Las inscripciones en la (antes ENEP, ahora) FES Acatlán eran rápidas. Solo tenías que formarte en la ventanilla que te correspondía y en unos minutos ya tenías tu hoja de inscripción. Lo verdaderamente complicado era hallar horarios con los maestros que querías tomar clase y cuidar que ninguno se empalmara.

-Qué onda Iván ¿Tomarás Historia con Lupito?
-¡Claro! Si me voy con Eligio ya estuvo que repruebo.
-Jajajajaja. Oye, vamos al Tercer Mundo ¿no? Por allá estarán algunos otros de la generación.
¿Estarán el “Playmobil” o “Ceja de Chocorrol”?
-Jajajaja, no, ellos no.
-Entonces vamos.

En la universidad solía encontrarme amigos de la generación con quienes todavía hoy día tengo contacto, así como de otros a quienes siempre admiré: Timo, ex bajista de Cena de Negros; Manuel Suárez ex vocalista de Guillotina y hoy vocalista de Motor; o al buen Amed Cossío, que en ese tiempo también era estudiante y ahora es locutor en Reactor 105.

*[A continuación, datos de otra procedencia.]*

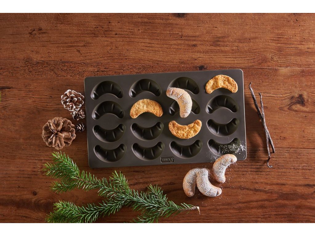 S formou na rohlíčky Lurch vytvoříte dokonalé klasické cukroví. Formu jednoduše naplníte oblíbeným těstem a po upečení vznikne 16 rovnoměrných kousků. Rohlíčky z formy lze snadno vyjmout díky nepřilnavému povrchu. Na závěr už jen stačí rohlíčky obalit v cukru a máte hotovo. Vanilkové rohlíčky krásně doplní talířek s dalším cukrovím a budou skvělou pochoutkou při chvíli u čaje či kávy.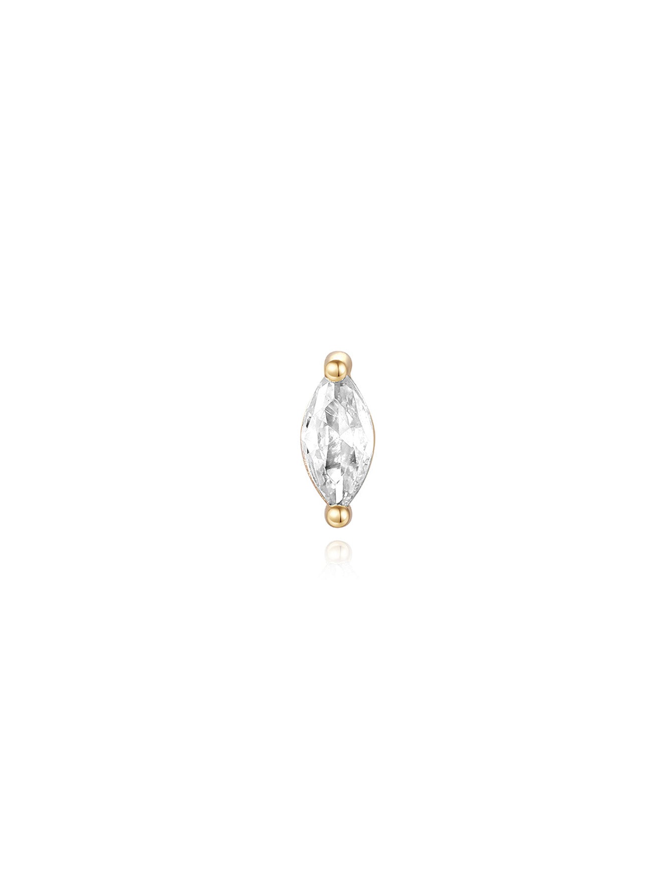 14K Solid Gold Leaf Zircon Thread Ear Piercing Stud

Asketh gustaba más de la música electrónica. Yo del metal y todas sus variantes. Éramos grandes amigos. Su gran paradoja es que le gusta ese género musical, pero no es nada entusiasta de las nuevas tecnologías. En 2003 perdimos el contacto. Se retomó en 2005. A principios de la década me buscó y nos vimos, pero después volví a perderle la pista y no he vuelto a saber de él.

Y al igual que el regreso a clases (con todo y el ajetreo diario, el tráfico de la ciudad y las friegas diarias de viajar de un lugar a otro), extraño a mi amigo.